The SFDX URL can be used to authenticate to the Salesforce CLI without needing any JWT Token or using the browser to key in the credential.
In fact it is the easiest way to authenticate through CLI. Let me explain how salesforce CLI authenticates today.
The first time when you log in via the CLI, you go to the salesforce login screen and key in credentials (if you are not using JWT flow. For JWT the certificate takes care of it).
What happens next time when you do a
sfdx force:org:open? It does not ask for the credential and instead, you log in straight.
How does this happens?
Salesforce stores the access token and refreshes token (It got to also has clientId and client secret of the connected app somewhere too) the first time and then uses it for the subsequent requests.
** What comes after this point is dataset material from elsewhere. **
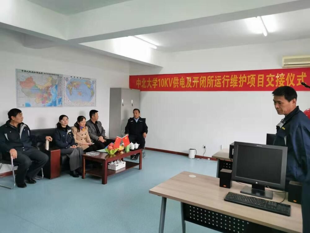 为适应后勤社会化需求,提高服务质量水平,于2019年11月1日上午10时,在新北区变电所会议室召开中北大学与山西国电恒森电力工程有限公司10KV供电及开闭所运行维护项目交接仪式,由动力维修中心贺永胜主任主持,出席仪式有后勤管理处人力资源科科长谢荣芳、经济核算科杨李燕、质量监督科张建文、动力维修中心副主任闫天龙、蔡霆及山西国电恒森电力工程有限公司项目负责人,后勤管理处副处长张騄为本次交接活动作出了重要指示。

You can go to the $HOME directory of your computer and cd into the .sfdx folder to see for every org there will be a .json file having some information which I am sure will be fun for you.
Use your local computer and authenticate to as many orgs you need to login and note its sfdx url and use it in the CI system without having to worry about JWT tokens and connected app.
CI system (which is headless) can easily log in using an
auth:sfdxurl:store. Look into the docs here for more.
All you have to do in your CI once you have sfdx auth url is
sfdx force:auth:sfdxurl:store -f <file containing sfdx auth url>
You do this using below
echo $SFDXURL_HUB > /tmp/sfdx.url
sfdx force:auth:sfdxurl:store -f /tmp/sfdx.url -a circle_build_$CIRCLE_BUILD_NUM --setdefaultdevhubusername
$SFDXURL_HUB is the environment variable I am assuming to have the sfdx URL
One of the reasons why salesforce does not speak much about this in docs is security. You can shoot yourself in foot with this if you expose the client secret and clientId like that.
So care should be taken to either store this sfdx auth url in an environment variable that cannot be easily reached except for someone with access.
Or use a technique like an open SSL shown here to encrypt it.